Our multidisciplinary team focuses on the state-of-the art generation and in-depth evaluation of synthetic health data.
With the rise of ChatGPT and Dall-E, the concept of generative AI has gained widespread recognition. Synthetic data refer to artificially created data that are generated based on an original dataset and modelled in such a way that they replicate the characteristics, structure, and dependencies of the original data.
Medical data are sensitive and therefore access in healthcare is tightly regulated which may limit innovation and research. Since synthetic data can sever the direct relationship with the original data records which they were based on, synthetic data can be open to the broad science community and practitioners. Therefore, the use of synthetic data has the potential to advance medical research and improve patient outcomes while addressing privacy and ethical concerns related to the use of real medical data.
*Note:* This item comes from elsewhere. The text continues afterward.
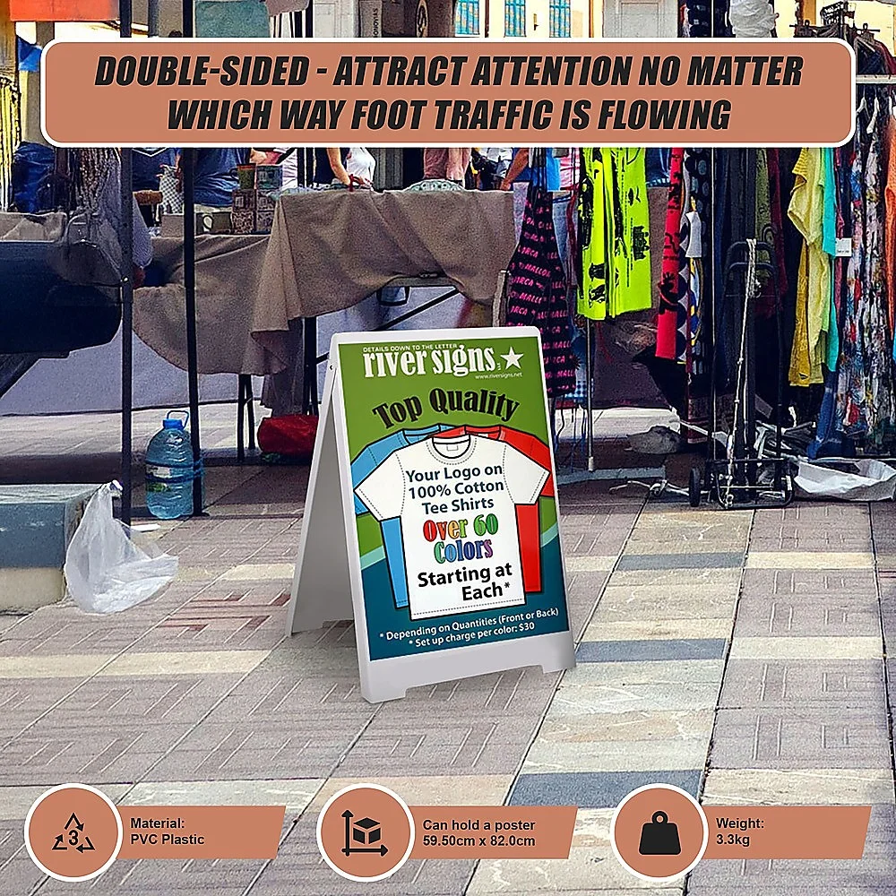 Perfect for advertising outside cafes, restaurants, shops and salons, this A-frame sign is also great for festivals, outdoor stalls, street food outlets, conventions, trade shows, conferences or anywhere you need to get a message across to your audience.

Furthermore, in the era of Deep Learning, the use of large amounts of data is gaining importance, while often the number of samples for a specific medical problem are rather limited. Synthetic data augmentation can possibly be used to overcome this limitation for small-sample and multi-party datasets. Synthetic data may also help to address unbalanced and biased datasets, thereby creating more robust models.
Finally, synthetic medical data can be used to create cohorts of simulated patients for educational purposes and the creation of synthetic control arms for clinical interventional trials.
Synthetic data can be generated using a broad spectrum of methods, ranging from statistical techniques to highly innovative machine learning techniques such as GANs, VAEs, normalizing flow models and diffusion models.